Organizer Signature Date
_______ ______

XII. SECRETARY OF STATE FILING INFORMATION & PUBLICATION GUIDANCE

A. Filing Requirements
1. Articles of Organization (this document)
2. Initial Report (La. Rev. Stat. Ann. § 12:1304)
• List of Managers/Members with municipal addresses
• Registered Office and Registered Agent information
3. Filing Fee: [CURRENT STATUTORY FEE] payable to “Louisiana Secretary of State.”
4. Submission: Online via GeauxBIZ portal or physical filing at 8585 Archives Ave., Baton Rouge, LA 70809.

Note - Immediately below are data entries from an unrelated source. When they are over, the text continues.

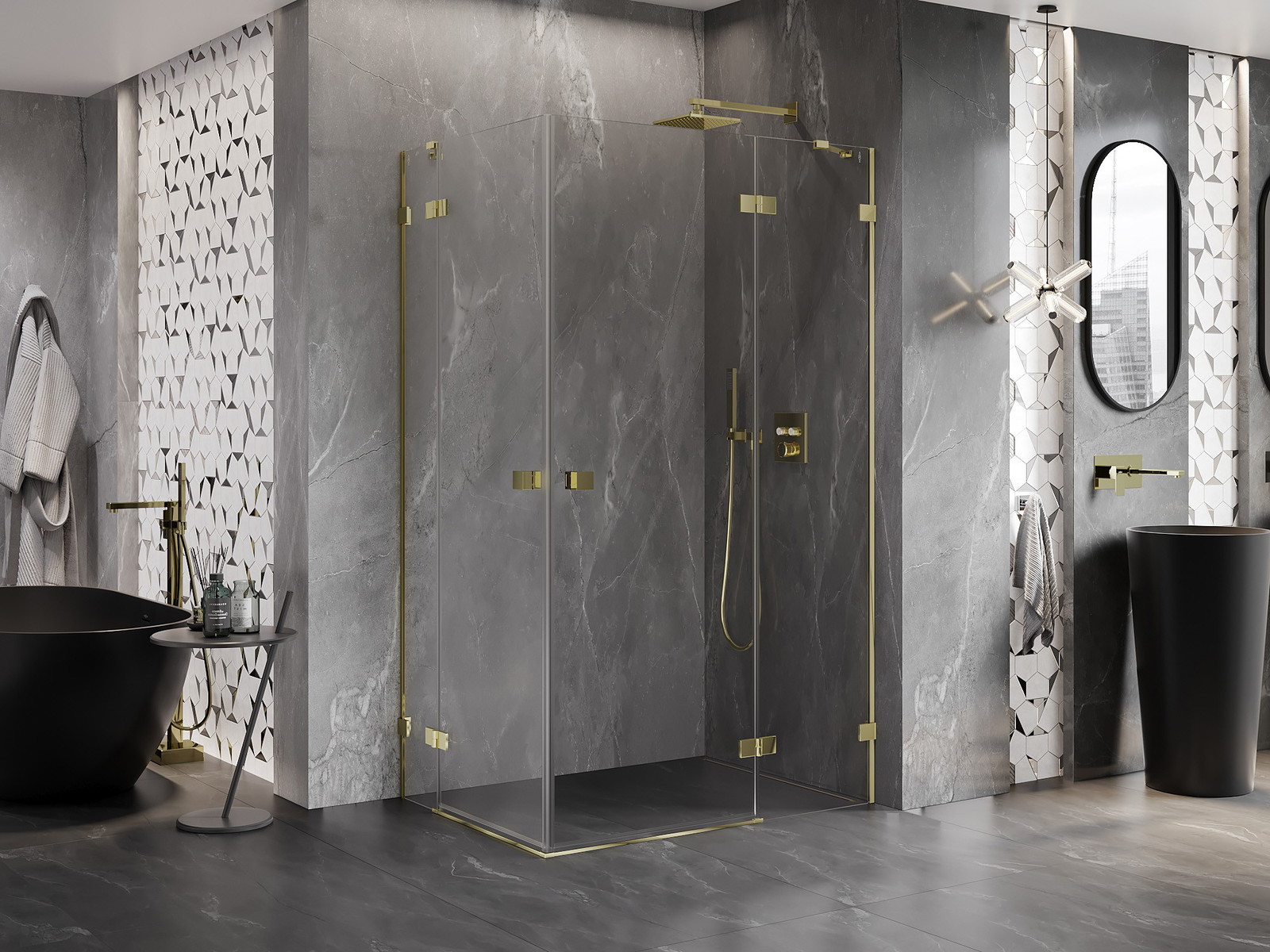 Mexen Lunar Duo dešinė pakreipiama dušo kabina 120 x 95 cm, skaidri, auksinė - 834-120P-095L-50-00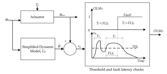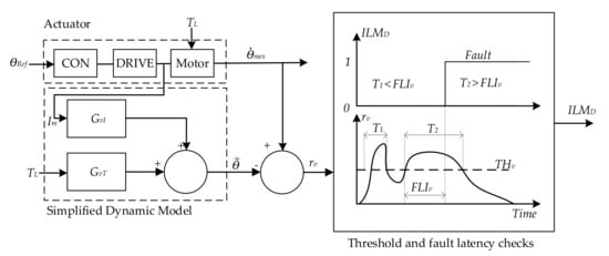 The ILM function generates a decision signal ILMD which has zero logic by default and is raised to one logic if an abnormal event is detected. The determination of GvAB and GvA is based on data-based identification procedures for the actuator during the nominal and the fail-operational modes, and it is discussed in Section 5.2.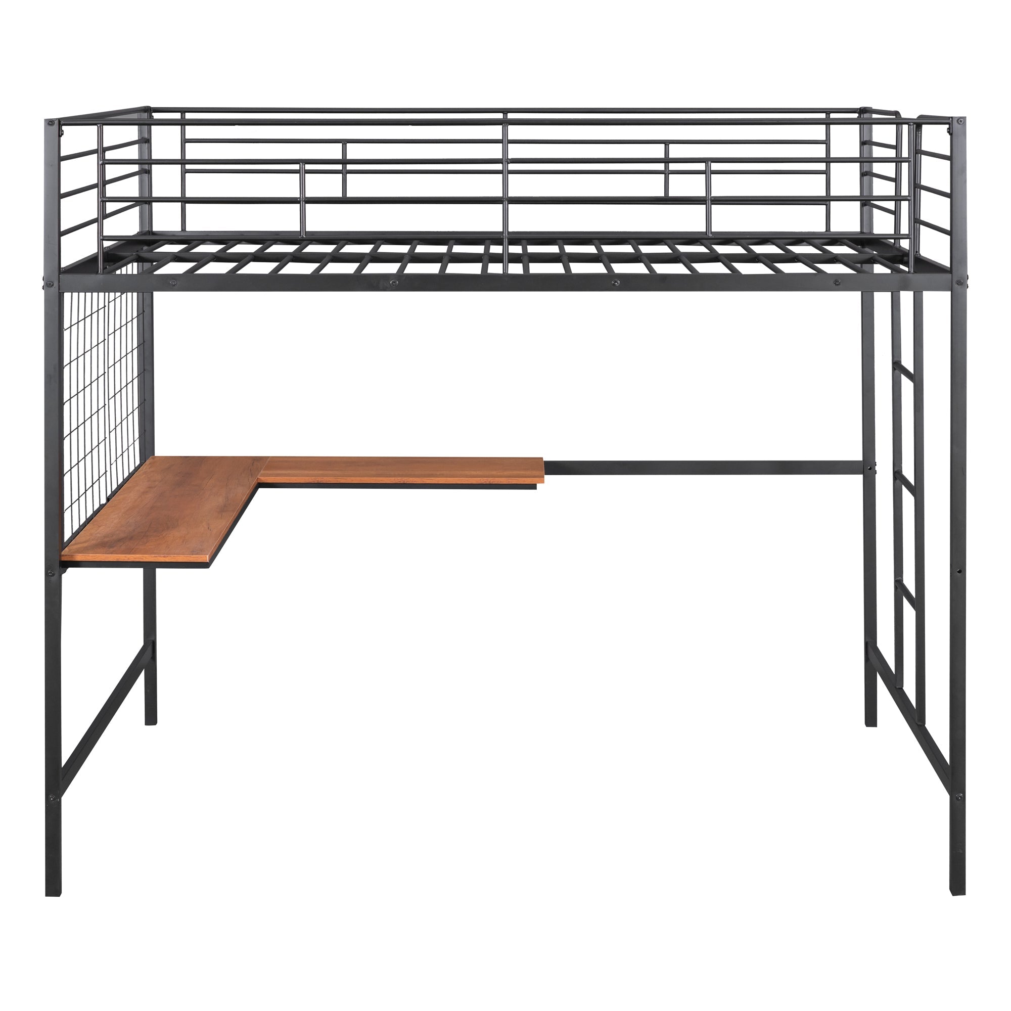 Full Metal Loft Bed with Desk and Metal Grid
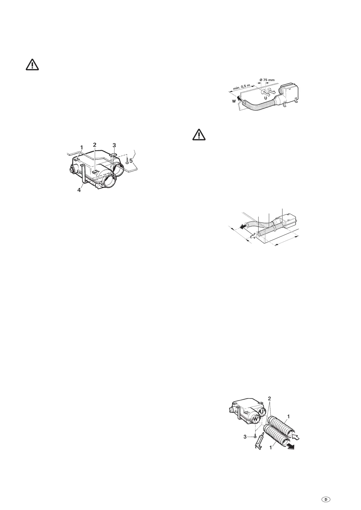 gen der Heizung (W + U) schieben. Mit 2 Blechschrauben (3)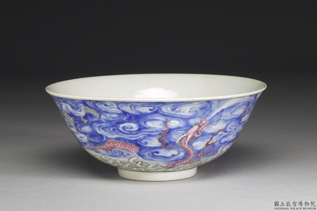 此對琺瑯彩雲龍紋碗色澤艷麗,黃、紅、綠龍穿梭在藍天白雲及波濤之間,配色特殊,主要紋飾幾無二致,僅碗心荔枝及葉片佈局略異。荔枝為琺瑯彩及洋彩器上較為少見的裝飾。琺瑯彩瓷是盛清代表工藝之一,乾隆朝是琺瑯彩瓷發展的成熟階段,此二器品質精美,繪製細膩,且或為《活計檔》中紀錄的「磁胎法瑯山水雲龍碗一對」,益顯珍貴。

B. Publication Requirements
1. Within thirty (30) days after formation, publish a single notice of organization in a newspaper of general circulation in the parish where the registered office is located.
2. The notice must include (i) the Company’s name, (ii) registered office address, and (iii) a statement that the Company is organized under the Louisiana Limited Liability Company Law.
3. Obtain and retain an Affidavit of Publication for the Company records; filing with the Secretary of State is not presently required.

C. Post-Formation Checklist
• Hold initial Members’ meeting; adopt Operating Agreement and resolutions.
• Obtain EIN from the IRS.
• Open Company bank account.
• Apply for any necessary state or local licenses and permits.
• File required tax registrations with the Louisiana Department of Revenue and applicable parishes/municipalities.


EXHIBIT A

INITIAL MEMBERS, MEMBERSHIP INTERESTS & CAPITAL CONTRIBUTIONS

Member Name Mailing Address % Interest Capital Contribution Description & Agreed Value
[MEMBER 1] [ADDRESS] [__]% $[AMOUNT] cash
[MEMBER 2] [ADDRESS] [__]% $[AMOUNT] cash + [DESCRIPTION OF PROPERTY]
[MEMBER 3] [ADDRESS] [__]% $[AMOUNT] cash

[// GUIDANCE: Attach additional exhibits (e.g., Schedule of Managers, Buy-Sell Provisions) as needed. Ensure internal cross-references remain accurate after customization.]